L’aggiornamento di oggi è per festeggiare, dopo un lunghissimo e faticoso cammino, le prime due settimane di vita di Le colpe dei padri!

Difficile esprimere la gioia che si prova nel vedere le proprie fatiche ripagate dai like sulla pagina Facebook, dalle telefonate degli amici e dall’interesse e l’entusiasmo con cui la notizia viene accolta. 
Posso dire sinceramente di stare vivendo uno dei periodi più belli della mia vita. Mentre il libro comincia poco a poco a circolare nelle librerie e negli shop online, ogni giorno mi porta qualche sorpresa: una nuova fiera, un’intervista, una recensione o più semplicemente una persona che mi cerca per raccontarmi le sue impressioni sulla storia o i protagonisti del libro.
Parlando di numeri

Chi non è dell’ambiente molto di rado sa fare ipotesi sulla tiratura di un libro. Questo numero è determinato da quante di copie l’editore ritiene di poter vendere in un ragionevole arco di tempo, senza che rimangano invendute. Se non parliamo di nomi famosi o casi eccezionali, questo numero è proporzionale alle possibilità della casa editrice e alla “vendibilità” di quel libro: romanzi di generi diversi inducono aspettative di vendita diverse nell’editore. Ad esempio, molti piccoli editori rilevano che fantasy, fantascienza e horror vendono poco e di solito restano limitati a un pubblico che lo scrittore conosce personalmente. Se la cavano invece meglio il giallo, lo storico e l’avventura: proporre a un editore un romanzo di questi generi aumenta la probabilità di destare la sua attenzione e ottenere una dignitosa tiratura iniziale.

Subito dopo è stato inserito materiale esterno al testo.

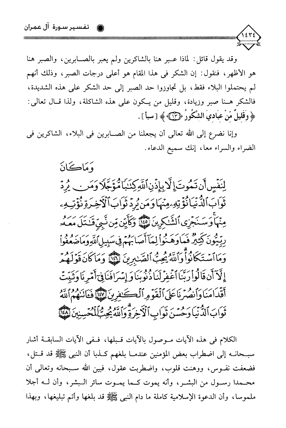 (وَمَا كَانَ لِنَفْسٍ أَنْ تَمُوتَ إِلَّا بِإِذْنِ اللَّهِ كِتَابًا مُؤَجَّلًا وَمَنْ يُرِدْ ثَوَابَ الدُّنْيَا نُؤْتِهِ مِنْهَا وَمَنْ يُرِدْ ثَوَابَ الْآخِرَةِ نُؤْتِهِ مِنْهَا وَسَنَجْزِي الشَّاكِرِينَ (145) وَكَأَيِّنْ مِنْ نَبِيٍّ قَاتَلَ مَعَهُ رِبِّيُّونَ كَثِيرٌ فَمَا وَهَنُوا لِمَا أَصَابَهُمْ فِي سَبِيلِ اللَّهِ وَمَا ضَعُفُوا وَمَا اسْتَكَانُوا وَاللَّهُ يُحِبُّ الصَّابِرِينَ (146) وَمَا كَانَ قَوْلَهُمْ إِلَّا أَنْ قَالُوا رَبَّنَا اغْفِرْ لَنَا ذُنُوبَنَا وَإِسْرَافَنَا فِي أَمْرِنَا وَثَبِّتْ أَقْدَامَنَا وَانْصُرْنَا عَلَى الْقَوْمِ الْكَافِرِينَ (147) فَآتَاهُمُ اللَّهُ ثَوَابَ الدُّنْيَا وَحُسْنَ ثَوَابِ الْآخِرَةِ وَاللَّهُ يُحِبُّ الْمُحْسِنِينَ (148)

Genere a parte, vista la velocità dei moderni mezzi di stampa e composizione, per un editore è chiaramente più sicuro partire con numeri piccoli ed eventualmente ordinare una o più ristampe, piuttosto che ritrovarsi con pile di invenduti da mandare al macero. Alcuni portano all’eccesso questo ragionamento arrivando a proporre agli autori tirature contrattuali da 20 o 30 copie; spesso dietro proposte simili si celano vere e proprie truffe e fenomeni di editoria a pagamento. Occorre quindi la massima attenzione nella selezione di una casa editrice, soprattutto quando ci si ritrova a maneggiare un contratto. Silele edizioni è un piccolo marchio, e la prima edizione del mio romanzo ha avuto una tiratura di 250 copie. Parlando di case editrici di queste dimensioni si tratta di un numero superiore alla media, che di solito viene smaltito nell’arco di diversi mesi. 

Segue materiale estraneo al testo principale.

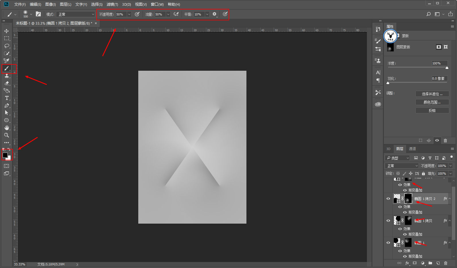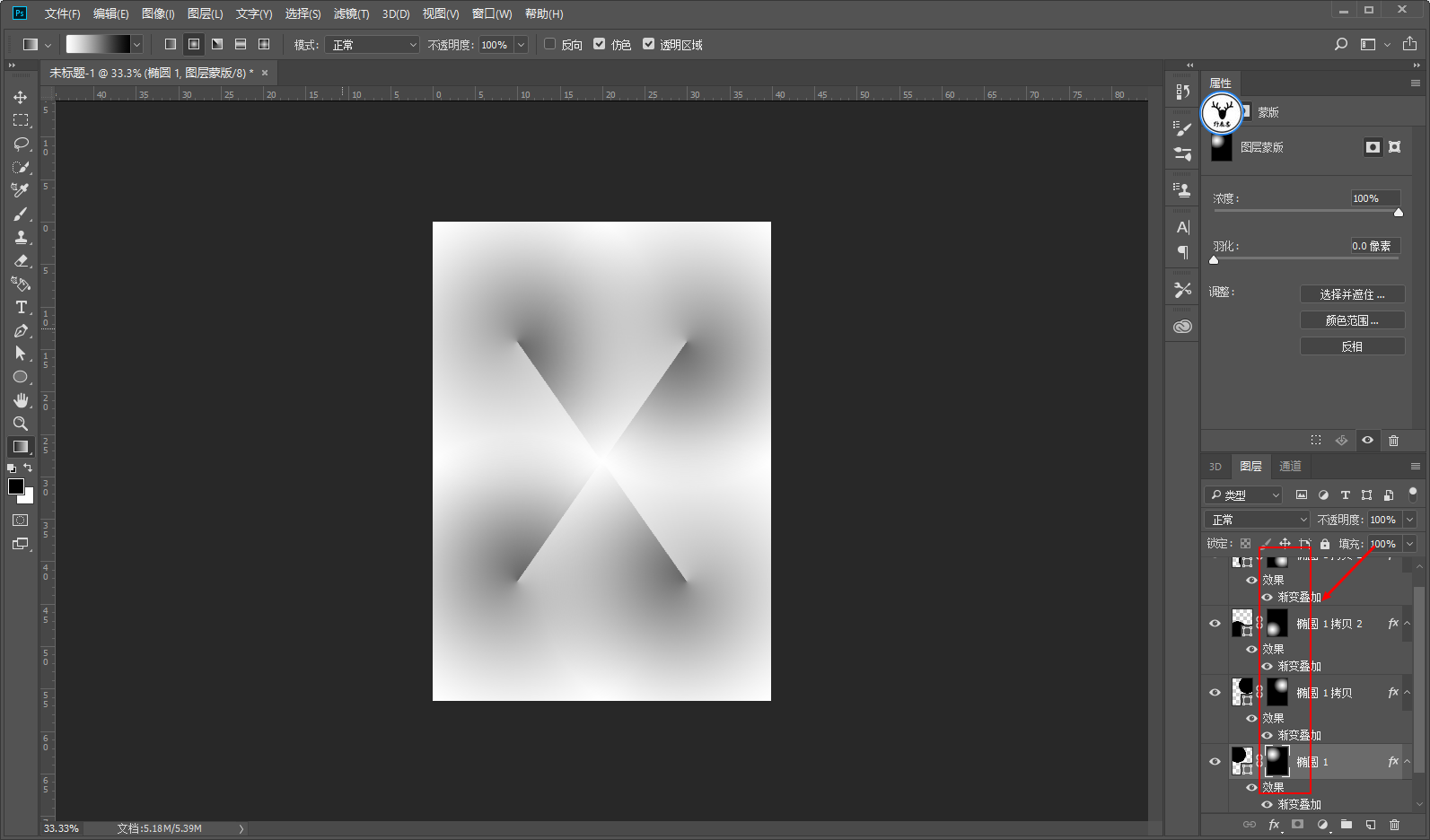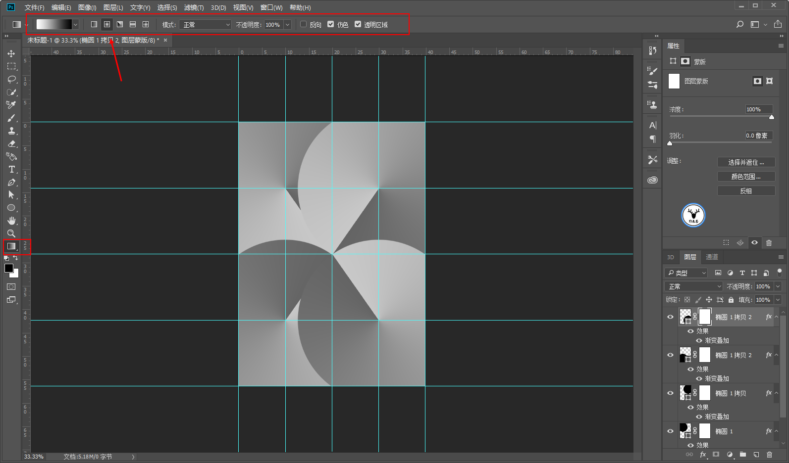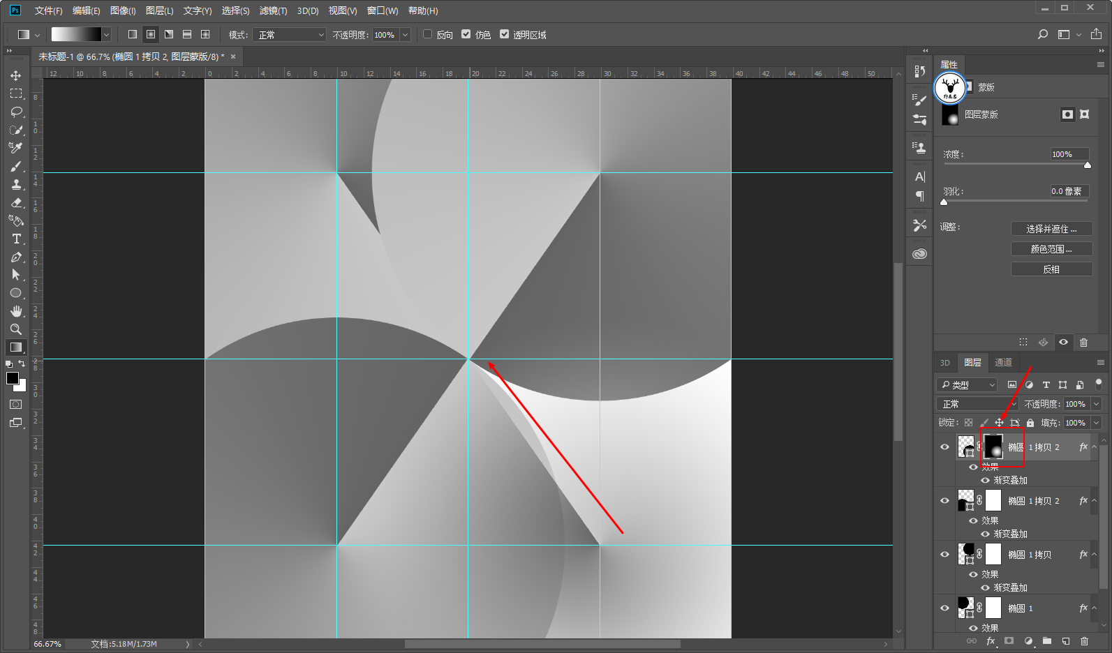 由于我们每一个图层都是圆,所以用径向渐变工具在圆的图层蒙版上从圆心到边缘拉一下渐变,这样很容易多余的部分就被搞掉了:
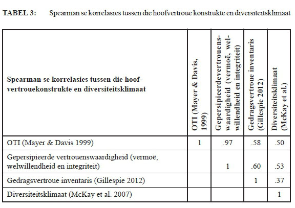 Uit Tabel 3 is dit duidelik dat al die hoofkonstrukte 'n verhouding met diversiteitsklimaat het. Die gepersipieerde vertrouenswaardigheidskonstruk (vermoë, welwillendheid en integriteit) en OTI het die sterkste persepsies van 'n diversiteitsklimaat gemeet op 'n Spearman-korrelasie van onderskeidelik 0.50 en 0.53 en dui dus 'n groot effek aan. H2 word aanvaar.

Ebbene, dopo pochi giorni dalla pubblicazione ufficiale del romanzo, le prime 250 copie erano già esaurite! Gioia e tripudio!

Mentre i figli della prima ristampa (altre 250 copie) viaggiano verso il distributore e gli store online rimasti a secco per alcuni giorni, voglio condividere questo momento di gaudio con voi che seguite le mie avventure su questo blog e su quello ufficiale del romanzo http://lecolpedeipadri.blogspot.it 
A breve scriverò un altro post sulle presentazioni: finora ce ne sono state due, una a Milano e una a Vertova, entrambe bellissime e baciate dal successo. Speriamo che continui così! 
Un grande abbraccio e al prossimo aggiornamento!